Radicación interna: 5299 · ACCIONES DE TUTELA

Ponente: Jaime Enrique Rodríguez Navas

Actor: Nacion - Ministerio De Defensa Nacional·Demandado: Tribunal Administrativo De Santander

Magistrado ponente: JAIME ENRIQUE RODRÍGUEZ NAVAS Bogotá D.C., diecinueve (19) de agosto de dos mil veintidós (2022). Radicado número: 11001-03-15-000-2022-03301-00. Accionante: Ministerio de Defensa – Dirección de Asuntos Legales. Accionados: Tribunal Administrativo de Santander. Referencia: Acción de tutela. Tema: acción de tutela contra providencias judiciales.

Subtema 1: requisitos generales y específicos de procedencia de la acción de tutela contra providencias judiciales. Subtema 2: relevancia constitucional. Subtema 3: aplicación de la condición más beneficiosa. SENTENCIA DE PRIMERA INSTANCIA La Sala decide, en primera instancia, la acción de tutela instaurada por la Dirección de Asuntos Legales del Ministerio de Defensa, en contra del Tribunal Administrativo de Santander.

I.

ANTECEDENTES 1.1. Solicitud de tutela El Ministerio de Defensa – Dirección de Asuntos Legales, actuando por medio de apoderada, presentó acción de tutela en procura de la protección de sus derechos fundamentales al debido proceso y al acceso a la administración de justicia.
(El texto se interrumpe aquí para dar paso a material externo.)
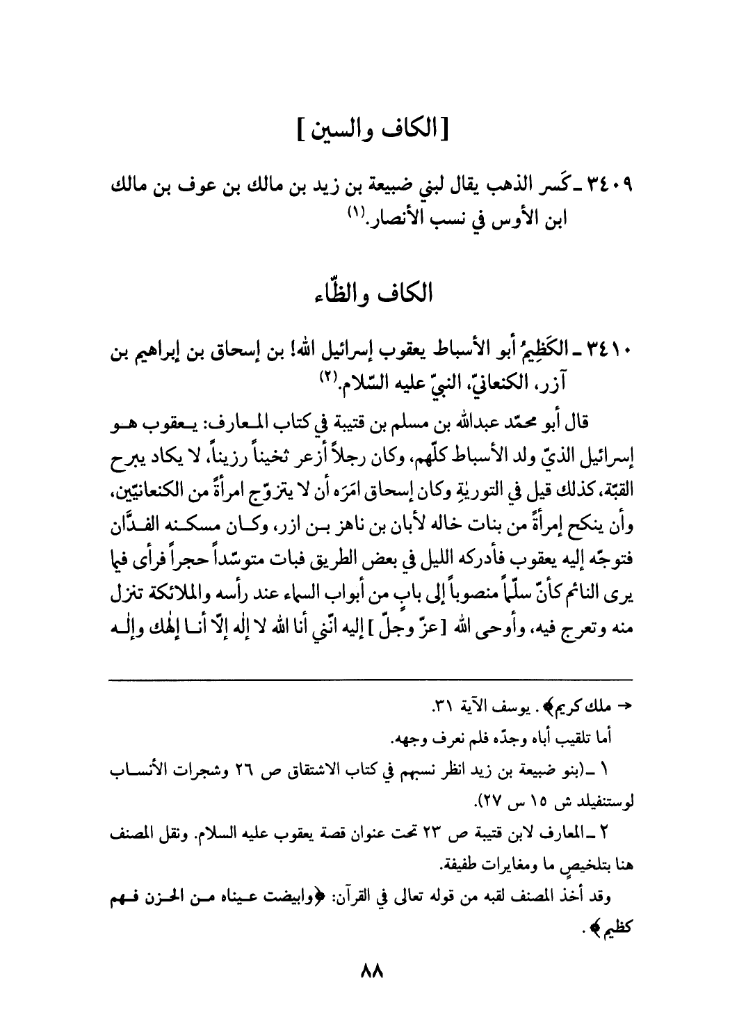 (¬2) المعارف لابن قتيبة ص 23 تحت عنوان قصة يعقوب عليه السلام. ونقل المصنف هنا بتلخيص ما ومغايرات طفيفة. وقد أخذ المصنف لقبه من قوله تعالى في القرآن: وَابْيَضَّتْ عَيْناهُ مِنَ الْحُزْنِ فَهُوَ كَظِيمٌ.

Tales garantías las consideró vulneradas por el Tribunal Administrativo de Santander, con ocasión de la sentencia que dictó el 14 de diciembre de 2021, en el proceso de nulidad y restablecimiento del derecho con número de radicado 686793333002-2016-00152-00/01, en el que actuó como parte demandada en contra de la señora María Amparo Galeano Pico.
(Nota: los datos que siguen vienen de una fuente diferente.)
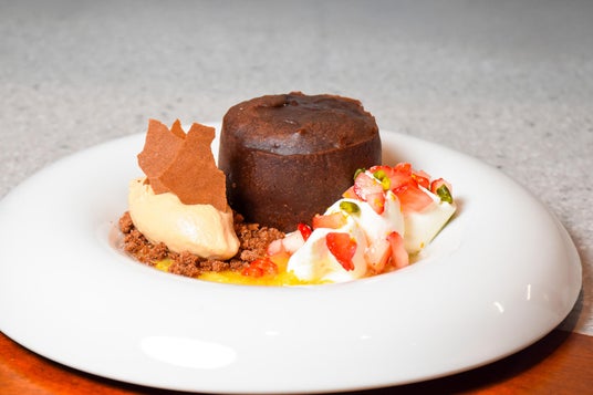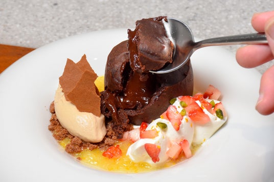 出来立てフォンダンショコラに、甘夏や黒糖ミルクアイス、苺を添えて

La decisión de primera instancia fue proferida por el Juzgado Segundo Administrativo de San Gil. 1.2. Hechos 1.2.1. Carlos Arturo Castaño Estrada prestó sus servicios en el Ejército Nacional durante siete años, siete meses y catorce días, desde el 1 de julio de 1982 hasta el 1 de febrero de 1989. El señor Castaño Estrada falleció el 23 de octubre de 1996. 1.2.2.

María Amparo Galeano Pico, en calidad de cónyuge supérstite del señor Castaño Estrada, radicó petición el 10 de noviembre de 2014 ante el Ministerio de Defensa, en la que solicitó el reconocimiento y pago de la pensión de sobrevivientes, y de forma subsidiaria, la cancelación del bono pensional. 1.2.3. La Secretaría General del Ministerio de Defensa expidió la Resolución No. 0070 del 6 de enero de 2015, en la que negó la solicitud de reconocimiento y pago de la pensión reclamada, y se abstuvo de resolver la petición de pago del bono pensional.

Dicha decisión fue posteriormente confirmada en Resolución No. 649 del 16 de febrero del mismo año. 1.2.4. Con ocasión de lo anterior, la señora Galeano Pico demandó la legalidad de ambas resoluciones y, a título de restablecimiento del derecho solicitó el reconocimiento y pago de la pensión de sobrevivientes desde el 23 de octubre de 1996, y en subsidio, requirió el pago del bono pensional por el tiempo laborado por el causante a servicio del Ministerio de Defensa. 1.2.5.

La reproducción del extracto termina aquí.